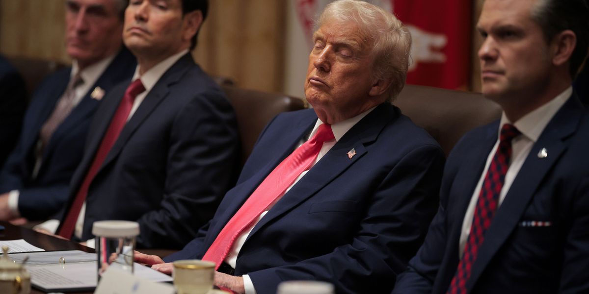 President Donald Trump attends a meeting of his Cabinet alongside (L-R) U.S. Interior Secretary Doug Burgum, U.S. Secretary of State Marco Rubio and U.S. Secretary of War Pete Hegseth in the Cabinet Room of the White House on December 02, 2025 in Washington, DC. (Photo by Chip Somodevilla/Getty Images)
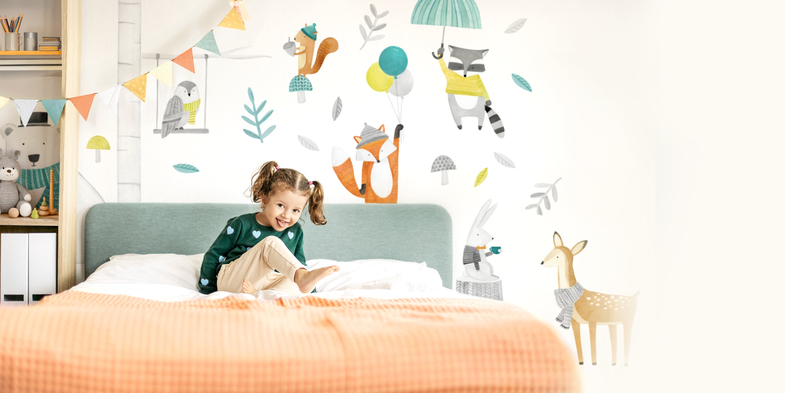 Pro tip: Place decals lightly. Reposition until they're just right. Then, smooth them to wall.
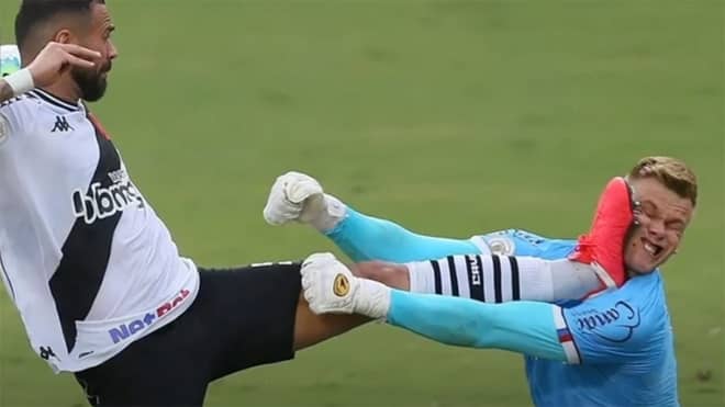 Así quedó Douglas Friedrich, arquero de #Bahía, después de que Leandro Castán del Vasco da Gama le dejara la suela un poco alta
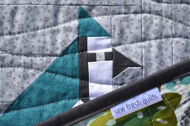 This little quilted table runner was made for my mother for Mother's Day. All the fabric used in the front are from the Hopscotch collection by Jamie Fingal for RJR Fabrics, which you can view here.
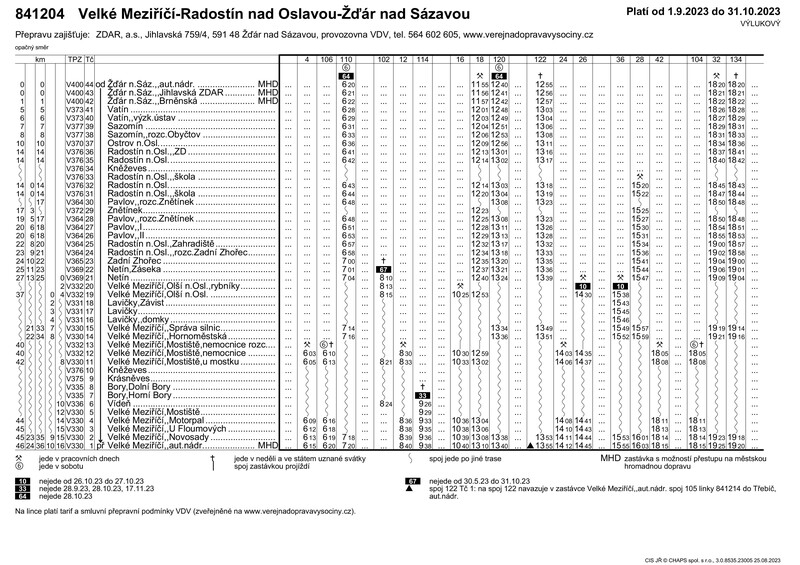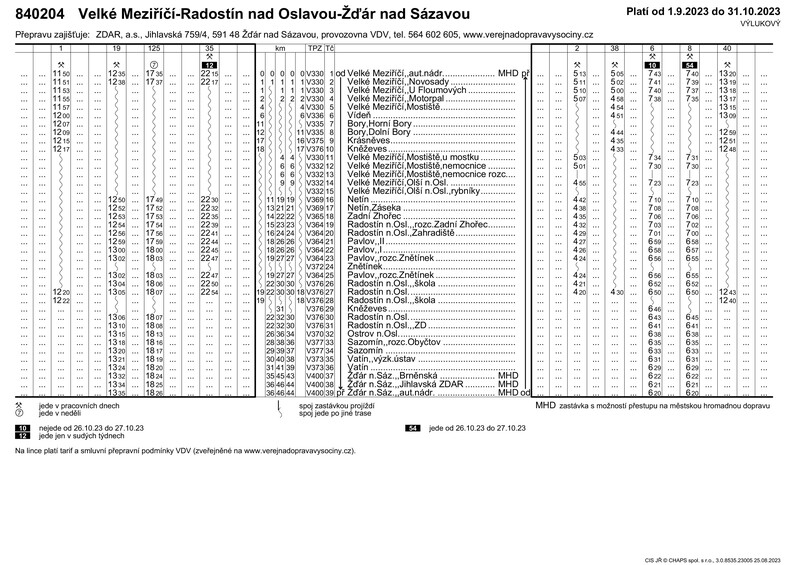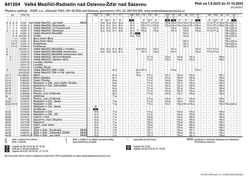 Od 1. září platí výlukové jízdní řády na linkách 840204 a 841204, které jsou dotčené uzavírkou silnice III/35433 Netín – Olší nad Oslavou.
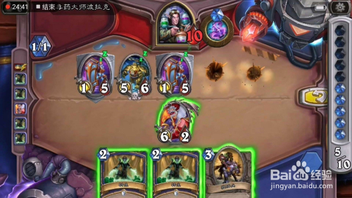 标的目的对方英雄利用一张“寒冰箭”卡牌—标的目的对方英雄利用一支“冰枪术”卡牌—最后用“法力浮龙”卡牌进犯对方英雄。

---

Omit every picture, then reproduce the rest of the listing exactly.

> **Exercise output**:
 President Donald Trump attends a meeting of his Cabinet alongside (L-R) U.S. Interior Secretary Doug Burgum, U.S. Secretary of State Marco Rubio and U.S. Secretary of War Pete Hegseth in the Cabinet Room of the White House on December 02, 2025 in Washington, DC. (Photo by Chip Somodevilla/Getty Images)
 Pro tip: Place decals lightly. Reposition until they're just right. Then, smooth them to wall.
 Así quedó Douglas Friedrich, arquero de #Bahía, después de que Leandro Castán del Vasco da Gama le dejara la suela un poco alta
 This little quilted table runner was made for my mother for Mother's Day. All the fabric used in the front are from the Hopscotch collection by Jamie Fingal for RJR Fabrics, which you can view here.
 Od 1. září platí výlukové jízdní řády na linkách 840204 a 841204, které jsou dotčené uzavírkou silnice III/35433 Netín – Olší nad Oslavou.
 标的目的对方英雄利用一张“寒冰箭”卡牌—标的目的对方英雄利用一支“冰枪术”卡牌—最后用“法力浮龙”卡牌进犯对方英雄。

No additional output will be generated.